Ao contrário de Guilherme de Occam, Wycliffe era um ardoroso realista no que se refere às proposições universais, na melhor tradição de Agostinho e Anselmo. Como tal, criticou a transubstanciação, que havia se tornado um dogma semi-oficial da igreja no 4° Concílio Lateranense (1215). Segundo essa crença, no momento da consagração a substância dos elementos da Ceia se transforma no corpo e no sangue de Cristo, enquanto que os “acidentes”, isto é, as qualidades exteriores do pão e do vinho, permanecem os mesmos. Em sua obra A eucaristia, Wycliffe argumentou que essa doutrina desonra a Deus, o autor de todas as substâncias, e viola as regras básicas da metafísica e da lógica – quando uma substância é destruída, seus acidentes também o são. Segundo ele, por meio do Espírito Santo as substâncias do pão e do vinho contêm a “presença real” de Jesus Cristo. Como Cristo é duas substâncias, terrena e divina, também a eucaristia é o corpo do pão natural e o corpo de Cristo. Divergindo de Agostinho, rejeitou o conceito ex opere operato, insistindo que os sacramentos só podem transmitir graça se forem recebidos com fé. Suas posições anteciparam o pensamento dos reformadores magisteriais, especialmente Calvino.

Os conceitos de Wycliffe sobre o ministério cristão foram particularmente importantes em sua luta por reformas. Ele argumentou que, mais que orar e ministrar os sacramentos, a responsabilidade principal do sacerdote era pregar o evangelho. Os ministros deviam ser escolhidos pelos próprios membros de cada paróquia. Assim, a igreja devia ser governada pelos fiéis através de seus representantes, e não pela hierarquia. Censurou o poder, as riquezas, a corrupção e os abusos de autoridade e chegou a defender a abolição do papado. Também rejeitou o sistema meritório penitencial elaborado minuciosamente desde a época de Gregório Magno. Sem desprezar as autênticas obras de amor como parte da vida cristã, atribuiu todo o mérito somente a Cristo e enfatizou a graça

e a fé. Antecipando Lutero, condenou também as indulgências, documentos de absolvição das penalidades temporais do pecado, como o purgatório. Afirmou ainda a crença na predestinação.

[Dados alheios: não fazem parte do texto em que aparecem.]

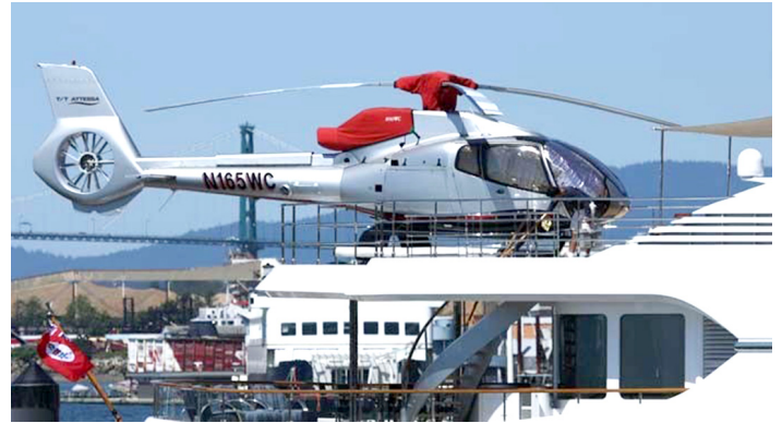
Intake/Exhaust Cover & Rotor Hub Cover (w/ skirt)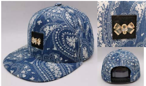
HY21016 fabric with flowers printed, pu patched with metal emblem on middle front panel. High Pro Crown, Structured Shape. Snapback Closure.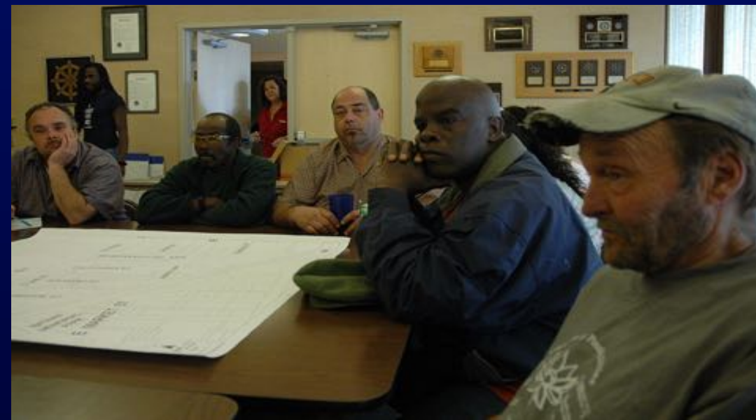
Focus Groups in Salinas (Old Chinatown) with Social Service Providers, Japanese- and Chinese-American Community members, Social Service Clients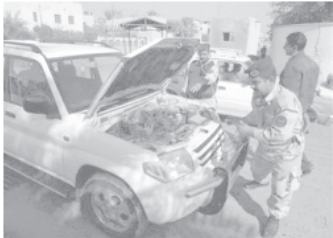
Two Iraqi soldiers check a car at an army checkpoint in Basra, Iraq, on 1 Dec, 2005. — INTERNET

Police Lt Mohammed al-Obaidi said at least four mortar rounds fell near the US base on the eastern edge of the city, but that there were no reports of casualties. — Internet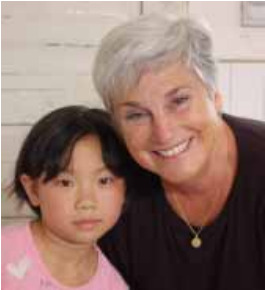
Village school girl.

A contribuição mais importante de Wycliffe no âmbito da teologia foi a sua defesa da autoridade suprema das Escrituras como norma de fé, acima da tradição, dos decretos papais e do magistério eclesiástico. Em sua obra A veracidade das Escrituras Sagradas (1378), afirmou a infalibilidade da Palavra de Deus, que se interpreta a si mesma (analogia da Escritura), bem como o papel do Espírito Santo em iluminar a mente dos leitores. No aspecto prático, liderou a tradução da primeira Bíblia completa em inglês – a Bíblia de Oxford (1384), e nos seus últimos anos em Lutterworth organizou um grupo de pregadores leigos, mais tarde chamados lolardos, que ajudaram a preparar a reforma inglesa. Através de João Hus, sua influência se estendeu a outras partes da Europa. Por todas essas razões, Wycliffe foi cognominado “A estrela matutina da Reforma”.

Textos: Bettenson, 265-274.

Análises: Olson, 365-370; González, II:314-321; Lane, I:169-172; Hägglund, 172; Tillich, 206-211.